Task input:

==============================

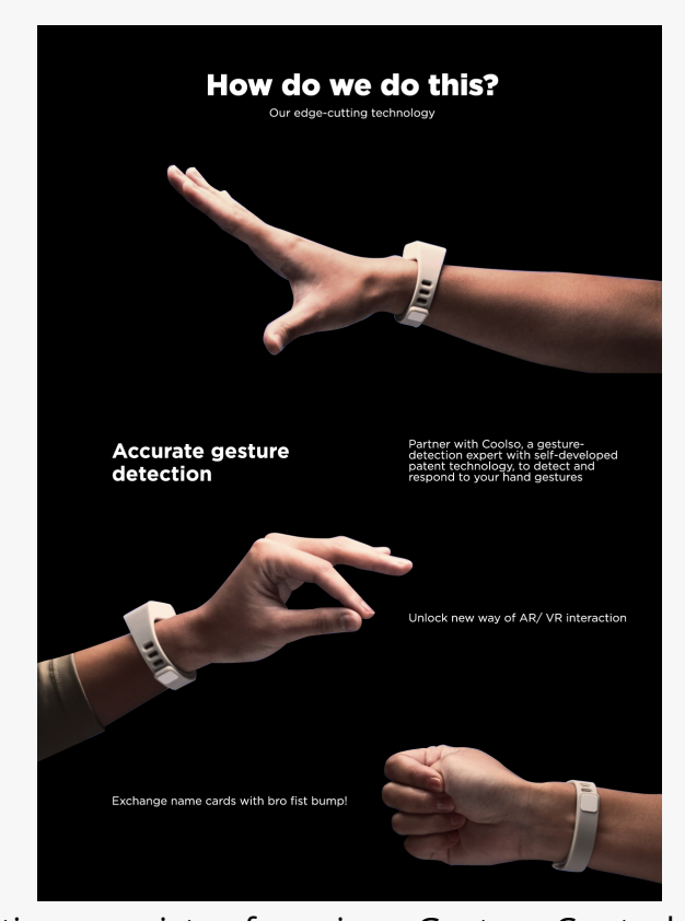
Showtime consists of a unique Gesture Control Function
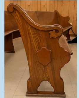
If only these benches could talk
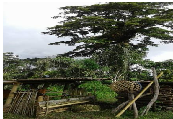
Figure 1. Individual Stall
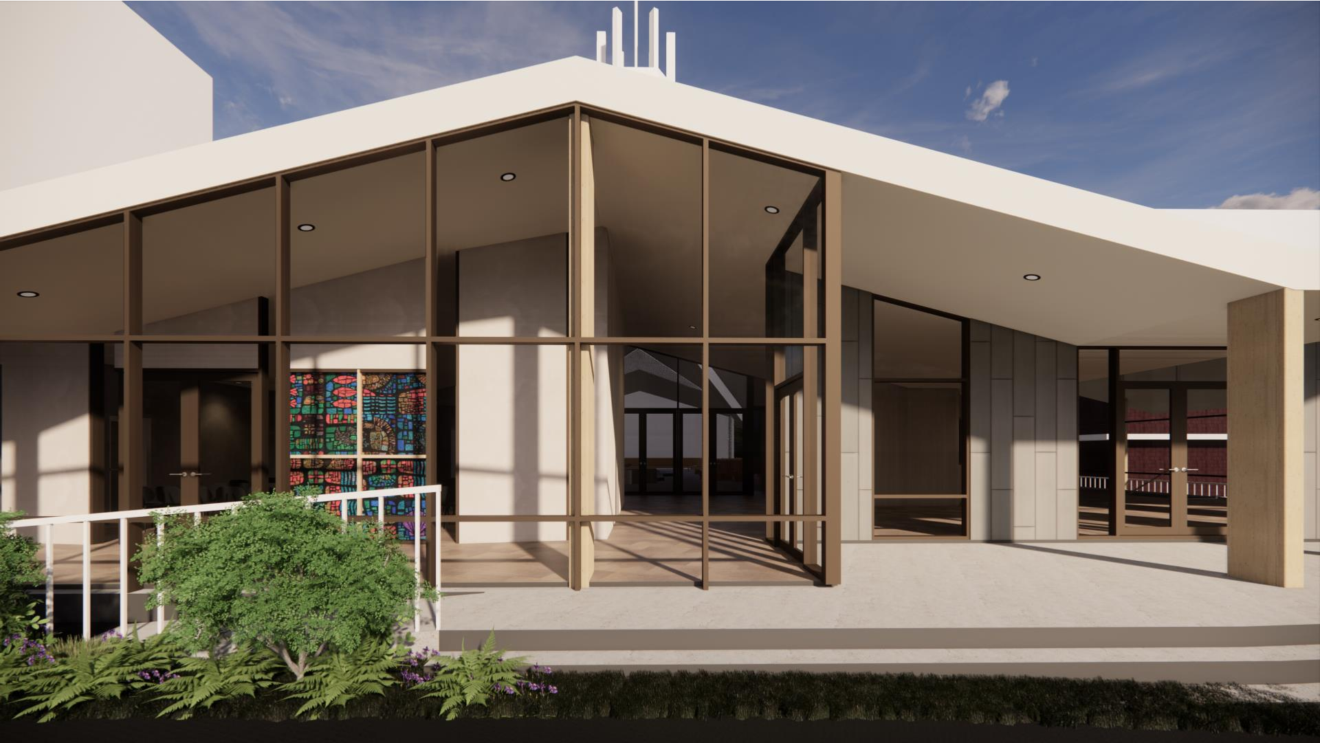
FOYER & DAY CHAPEL
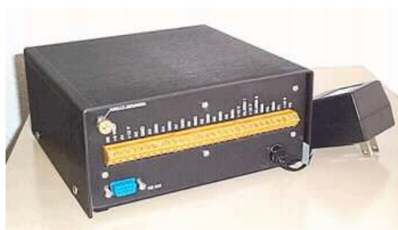
110-WS-16D Data Acquisition Module & 110-WS-16P Power Pack
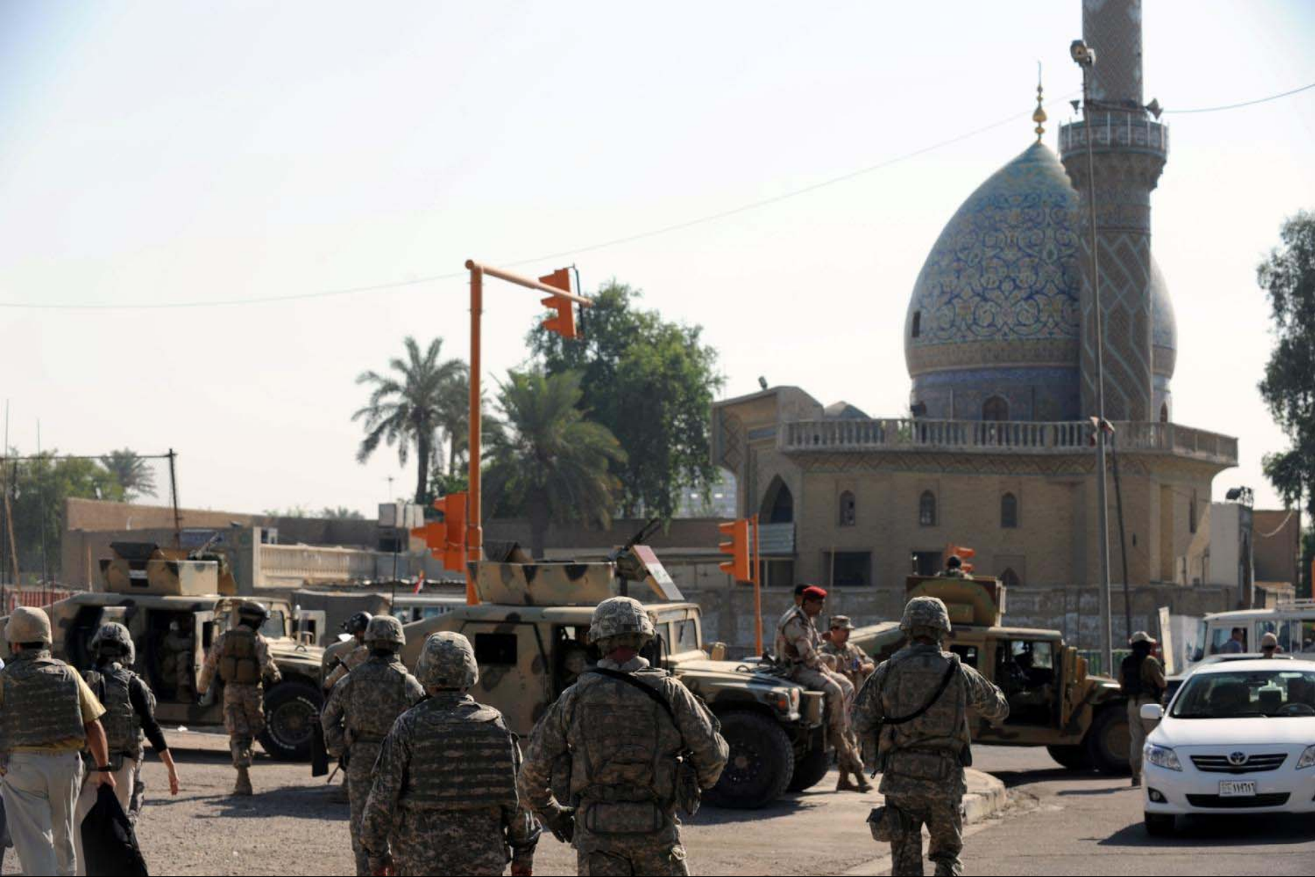
U.S. Soldiers from the 2nd Stryker Brigade Combat Team, 25th Infantry Division, Provincial Reconstruction Team, escort U.S. State Department officials back to their vehicles at the end of a meeting with Baghdad Council members while Iraqi soldiers provide security around the perimeter in Baghdad, Iraq, Nov. 06, 2008. 081106-A-5493S-041
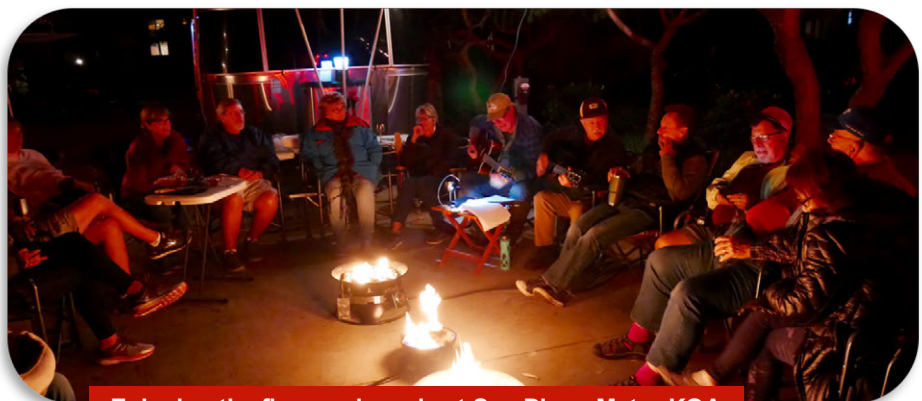
Enjoying the fires and music at San Diego Metro KOA
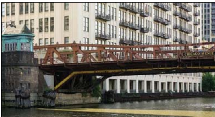
The Chicago Avenue Bridge is scheduled for demolition this month.
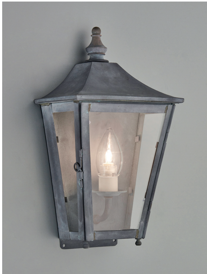
ATHENA WALL LANTERN IN ZINC WL334S

==============================

What you should do: Transcribe the lines above exactly, setting aside any picture among them.

Final answer:
Showtime consists of a unique Gesture Control Function
If only these benches could talk
Figure 1. Individual Stall
FOYER & DAY CHAPEL
110-WS-16D Data Acquisition Module & 110-WS-16P Power Pack
U.S. Soldiers from the 2nd Stryker Brigade Combat Team, 25th Infantry Division, Provincial Reconstruction Team, escort U.S. State Department officials back to their vehicles at the end of a meeting with Baghdad Council members while Iraqi soldiers provide security around the perimeter in Baghdad, Iraq, Nov. 06, 2008. 081106-A-5493S-041
Enjoying the fires and music at San Diego Metro KOA
The Chicago Avenue Bridge is scheduled for demolition this month.
ATHENA WALL LANTERN IN ZINC WL334S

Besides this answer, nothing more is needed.